What ultimately carries
I, Tonya is the cast lead by Margot Robbie. Playing Harding from fifteen to forty-seven years old, the native Australian completely throws herself into the role from the mid-western speech to the second-hand make-up and costumes. As an actress, and a vital producer to the film and ensuring the movie was sensitive yet candid, Robbie creates a palpable image of Harding - a white-trash underdog who’s unvarnished personality didn’t fit the golden ice princess image. The film’s style has a lot going on, and Robbie manages to ground the audacious portrayal into something believeable. With her, the supporting cast Sebastian Stan, Allison Janney, and Paul Walter Hauser, morph what would be caricatures into real-life people that you really can't believe actually exist.
A big hand goes to the screenwriter Steve Rogers in balancing Harding as both a victim and victimizer; she was a bystander to her husband’s crime and also complicit in it.
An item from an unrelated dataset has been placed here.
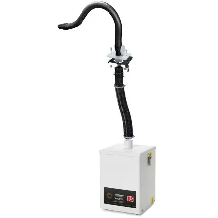 RS PRO RS-E0742 Fume Extraction Unit. From the trusted RS PRO brand, the RS-E0742 solder fume extractor is our cost-effective single-arm fume extraction unit for professional applications. With a robust design and high-efficiency filtering system, this fume extractor guarantees long life and best-in-class low noise levels. This solder fume extraction unit has been designed primarily to extract the fumes generated during hand soldering in the electronics industry. The minimal installation allows this unit to be moved with the workbench when factory layouts need to be changed due to production challenges, making it a flexible and versatile fume extractor unit able to move with the workspace if required. The low noise level extractor and fully comprehensive filtration is ideal for factories with changing production demands. Features and Benefits Filter blocked indicator Unique flip top flush sealing mounting plate Granulated Carbon Gas Filter 99.997% HEPA Filtration Technical Data Dimensions (HxWxD): 380 x 260 x 260mm Cabinet construction: Powder coated mild steel Airflow/Pressure: 90m³/hr / 20mbar Electrical data: 230v 1ph 50/60Hz Full load current: 0.45 amps / 90w Noise Level: ; 54dBA at typical operating speed Weight: 7kg Duct size: 50mm Duct run: 3mtrs Pre filter specifications Filter media: glass fibre Filter media construction: Pad Filter efficiency: F7 (96% @ 2 microns) Combined filter specifications HEPA filter media: Glass fibre HEPA media construction: Maxi pleat construction with webbing spacers Gas filter: Treated activated carbon Filter housing: Zintec mild steel Filter Efficiency: 99.997% @ 0.3 microns Applications In soldering applications, smoke from either lead-free or leaded solder can be hazardous to health, and so an extraction system is required to ensure worker safety. In any application where smoke or hazardous vapor is a problem, specialist extraction units should be used. This particular compact-sized extractor is ideal for; Soldering Tip soldering Rework Lead-free Package Includes RS-E0742 extraction unit 1 x Pre filter pad 1 x Combined HEPA/Gas filter 1 x Power cable 1 x Installation flex and table bracket 1 x 50mm ESD Stay Put extraction arm Why RS PRO? RS PRO aims to be your go-to brand for reliability and value for money. We source high-quality parts at great prices and test everything with our in-house experts to ensure the quality you need. When it comes to tools, we know that versatility and dependability are what you need. As such, we stock a variety of mainstay and specialist tools to suit any application. Whether you're a professional electrician, plumber, builder or DIY enthusiast, RS PRO is here to support you.

The film covers a lot of ground like class in America, the value of a person’s image over their talent, and a woman determined to break free. His writing bends and curves all over the place but never jumps the tracks.
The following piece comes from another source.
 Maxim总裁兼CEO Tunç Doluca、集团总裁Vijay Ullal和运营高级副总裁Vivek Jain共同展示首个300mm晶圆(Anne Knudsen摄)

Interestingly, as the movie focuses on Tonya more than Kerrigan, a lot of critics wonder what the latter thinks - especially since Harding serves as a producer and
I, Tonya’s has been collecting accolades in Hollywood. It’s easy: she’s moved on and living her life. Even though the movie does not glorify and limits showing Kerrigan’s perspective, much of the social commentary about her comes across as a projection of long-overdue sympathy. Considering that the movie explores society's judgement on them both, it's interesting to look back and see them both treated like a sideshow in this major circus;
Kerrigan also became a salacious scandal, soon not living up to critic's expectations, with
her attack being made into parodies and getting called out her on her own mistreatment to other skaters. It makes me wonder if we’ve moved beyond a place in cinema to explore people who are flawed and don't live on an imaginary pedestal that everyone is perfect; or that maybe the expectation for the movie was to pit
two women against each other in a superficial feud.
I, Tonya is not a straight-forward investigation of ‘Who dun it’, trying to cleverly re-imagine who is the real culprit of attacking Kerrigan. The movie’s a true-crime soap opera, digging into a scandal that divided the world, the dark underground of figure skating, and a woman picking herself up from her
bootstraps skates. The story swerves in-between being funny, dysfunctional, and dark, but as crazy as it gets, it never loses sight of Robbie as the star or the Harding as the story; it's pure gold.
Rating: ★★★
Have you seen I, Tonya? What did you think?